Valencies of relations are distinct in finite classical polar spaces, aiding in classification.

Abstract

Let $\Pi$ be a polar space of rank $n\ge 3$. Denote by ${\mathcal G}_{k}(\Pi)$ the polar Grassmannian formed by singular subspaces of $\Pi$ whose projective dimension is equal to $k$. Suppose that $k$ is an integer not greater than $n-2$ and consider the relation ${\mathfrak R}_{i,j}$, $0\le i\le j\le k+1$ formed by all pairs $(X,Y)\in {\mathcal G}_{k}(\Pi)\times {\mathcal G}_{k}(\Pi)$ such that $\dim_{p}(X^{\perp}\cap Y)=k-i$ and $\dim_{p} (X\cap Y)=k-j$ ($X^{\perp}$ consists of all points of $\Pi$ collinear to every point of $X$).
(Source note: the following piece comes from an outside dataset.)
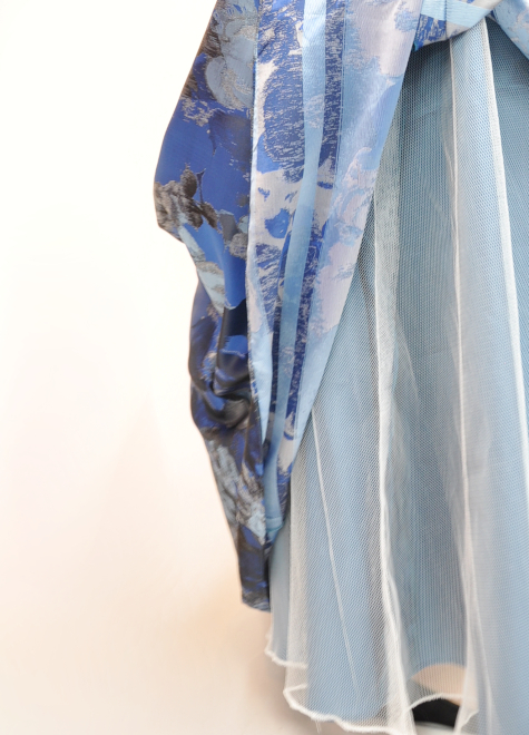 裏側にチュールを取り付けておりますので、パニエを使用しなくてもスカートの形が保たれます。
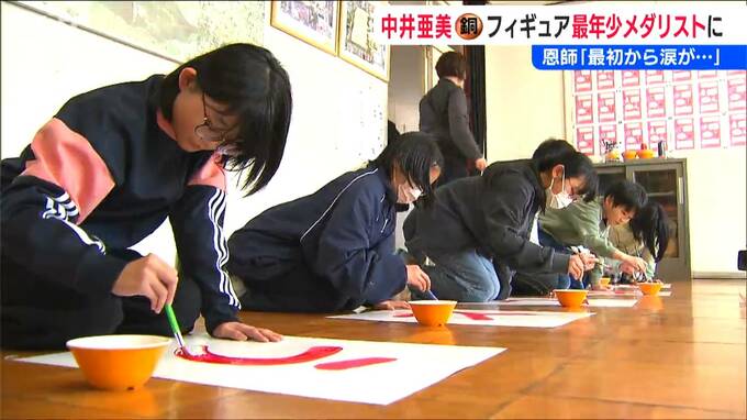 中井亜美選手の母校である、新潟市立女池小学校では早速、子どもたちがメッセージカードを作成。5・6年生およそ20人が、感謝を込めて丁寧に色を塗っています。

We show that every bijective transformation of ${\mathcal G}_{k}(\Pi)$ preserving ${\mathfrak R}_{1,1}$ is induced by an automorphism of $\Pi$ and the same holds for the relation ${\mathfrak R}_{0,t}$ if $n\ge 2t\ge 4$ and $k=n-t-1$. In the case when $\Pi$ is a finite classical polar space, we establish that the valencies of ${\mathfrak R}_{i,j}$ and ${\mathfrak R}_{i',j'}$ are distinct if $(i,j)\ne (i',j')$.